Doctor of Philosophy

Program

English

Supervisor

Dr. Tilottama Rajan

Abstract

This dissertation focuses on the way Romantic-period philosophers, artists and writers were critically engaged with various Romantic-period disciplines, those branches of learning that were complexly enmeshed with the inhuman and putting increasing pressure on the concept of “the human.” Over the course of five chapters, this study pursues the problematic of “the human” across the borders of philosophy, where Immanuel Kant entertains extraterrestrials while organizing the new discipline of pragmatic anthropology; the early and late illuminated work of poet-engraver William Blake, which enables us to think the inhumanities within the human; the closet drama and poetry of Percy Bysshe Shelley, which think the inhumanity of life; and the fiction of Mary Shelley, as a thought experiment about the end of man and posthuman survival of man’s cultural achievements. “The Romantic Posthuman and Posthumanities” analyzes the human at its borders with the inhuman in Romantic literature. It examines the erosion of these borders through the way key disciplines (aesthetics, literature) were thematized in literary texts by Blake and the Shelleys. This thesis makes the case that a theoretical thinking about the end of man, of a humanism associated with man and his disciplinary formations, and a reflection on what comes after this end, all have their inception in Romantic thought.

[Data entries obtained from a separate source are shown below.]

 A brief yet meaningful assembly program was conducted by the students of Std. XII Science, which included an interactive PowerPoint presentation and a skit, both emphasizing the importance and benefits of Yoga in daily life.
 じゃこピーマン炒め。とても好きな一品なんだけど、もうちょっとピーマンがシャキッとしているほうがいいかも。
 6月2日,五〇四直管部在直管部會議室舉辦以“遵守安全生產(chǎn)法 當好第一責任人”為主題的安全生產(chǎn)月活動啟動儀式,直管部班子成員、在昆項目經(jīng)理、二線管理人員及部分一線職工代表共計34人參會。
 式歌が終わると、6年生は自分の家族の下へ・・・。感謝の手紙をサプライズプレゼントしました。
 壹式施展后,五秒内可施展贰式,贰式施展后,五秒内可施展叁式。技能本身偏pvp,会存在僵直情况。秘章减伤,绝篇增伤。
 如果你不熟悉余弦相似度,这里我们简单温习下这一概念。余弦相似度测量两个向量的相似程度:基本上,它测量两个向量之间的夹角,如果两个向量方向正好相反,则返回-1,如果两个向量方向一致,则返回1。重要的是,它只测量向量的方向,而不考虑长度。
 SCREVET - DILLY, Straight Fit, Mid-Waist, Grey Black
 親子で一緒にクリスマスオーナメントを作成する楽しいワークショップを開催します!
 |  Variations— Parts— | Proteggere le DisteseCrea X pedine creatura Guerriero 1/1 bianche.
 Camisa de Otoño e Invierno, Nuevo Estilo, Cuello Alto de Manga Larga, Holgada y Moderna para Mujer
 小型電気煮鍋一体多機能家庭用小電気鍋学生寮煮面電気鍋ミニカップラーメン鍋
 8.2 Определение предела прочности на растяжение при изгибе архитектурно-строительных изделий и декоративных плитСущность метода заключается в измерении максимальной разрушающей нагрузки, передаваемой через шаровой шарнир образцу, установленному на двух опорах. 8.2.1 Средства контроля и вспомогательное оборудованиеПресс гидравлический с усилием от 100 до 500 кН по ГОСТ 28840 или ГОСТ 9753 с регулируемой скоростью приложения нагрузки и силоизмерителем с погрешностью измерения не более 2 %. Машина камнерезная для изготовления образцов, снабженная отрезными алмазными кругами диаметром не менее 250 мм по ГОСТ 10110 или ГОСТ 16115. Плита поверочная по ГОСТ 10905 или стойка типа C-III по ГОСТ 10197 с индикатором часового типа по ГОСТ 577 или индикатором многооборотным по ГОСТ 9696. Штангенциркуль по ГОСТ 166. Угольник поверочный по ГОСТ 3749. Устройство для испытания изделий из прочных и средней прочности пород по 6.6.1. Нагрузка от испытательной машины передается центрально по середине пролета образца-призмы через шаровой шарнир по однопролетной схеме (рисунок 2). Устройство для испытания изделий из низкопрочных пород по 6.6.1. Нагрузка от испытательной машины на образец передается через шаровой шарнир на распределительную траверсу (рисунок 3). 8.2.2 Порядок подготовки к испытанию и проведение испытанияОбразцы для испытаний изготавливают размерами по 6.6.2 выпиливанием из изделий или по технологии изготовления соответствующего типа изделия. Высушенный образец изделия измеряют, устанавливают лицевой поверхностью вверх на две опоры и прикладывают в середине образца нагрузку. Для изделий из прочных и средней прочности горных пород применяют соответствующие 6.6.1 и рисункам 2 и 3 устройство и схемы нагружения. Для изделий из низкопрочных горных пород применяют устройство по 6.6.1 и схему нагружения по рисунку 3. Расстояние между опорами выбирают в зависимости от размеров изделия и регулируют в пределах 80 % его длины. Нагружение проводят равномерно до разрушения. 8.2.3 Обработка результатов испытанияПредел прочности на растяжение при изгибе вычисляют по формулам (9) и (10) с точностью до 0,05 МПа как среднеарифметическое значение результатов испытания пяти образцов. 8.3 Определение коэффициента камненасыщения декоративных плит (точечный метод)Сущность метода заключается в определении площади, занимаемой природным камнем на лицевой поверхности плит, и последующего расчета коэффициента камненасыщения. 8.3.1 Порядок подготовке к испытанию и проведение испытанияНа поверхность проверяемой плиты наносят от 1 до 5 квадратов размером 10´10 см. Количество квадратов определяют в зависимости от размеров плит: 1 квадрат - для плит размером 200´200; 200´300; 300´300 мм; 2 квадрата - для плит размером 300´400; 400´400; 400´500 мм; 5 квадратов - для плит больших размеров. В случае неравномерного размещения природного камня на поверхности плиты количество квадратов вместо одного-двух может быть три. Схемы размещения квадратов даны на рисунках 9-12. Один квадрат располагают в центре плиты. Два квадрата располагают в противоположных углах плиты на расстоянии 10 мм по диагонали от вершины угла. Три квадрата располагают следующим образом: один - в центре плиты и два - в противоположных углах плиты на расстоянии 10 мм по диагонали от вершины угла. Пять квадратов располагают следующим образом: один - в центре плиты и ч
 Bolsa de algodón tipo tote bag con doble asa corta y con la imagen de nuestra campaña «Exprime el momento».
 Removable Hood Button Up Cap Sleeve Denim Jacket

Here, Romanticism is a sign of history for man’s fragilization, for a privileged conception of man and of a certain understanding of life, a counter-discourse to Enlightenment humanism. What emerges – and this is the real importance of this endeavour – is a more comprehensive portrait of the ways in which the human and a decidedly humanistic understanding of life in the long Romantic period were widely and complexly enmeshed with – to follow Blake – an “innumerable company” of inhumans, including ether, rocks, plants, infusoria, and animals. This study reflects on our contemporary lives within what is increasingly being called the “posthumanities,” and hopes that as we move towards this new humanities we will acknowledge and better understand our debt to Romantic thought, our model for a hybridized interdisciplinary thought wherein art and science, human and inhuman are frequently entwined.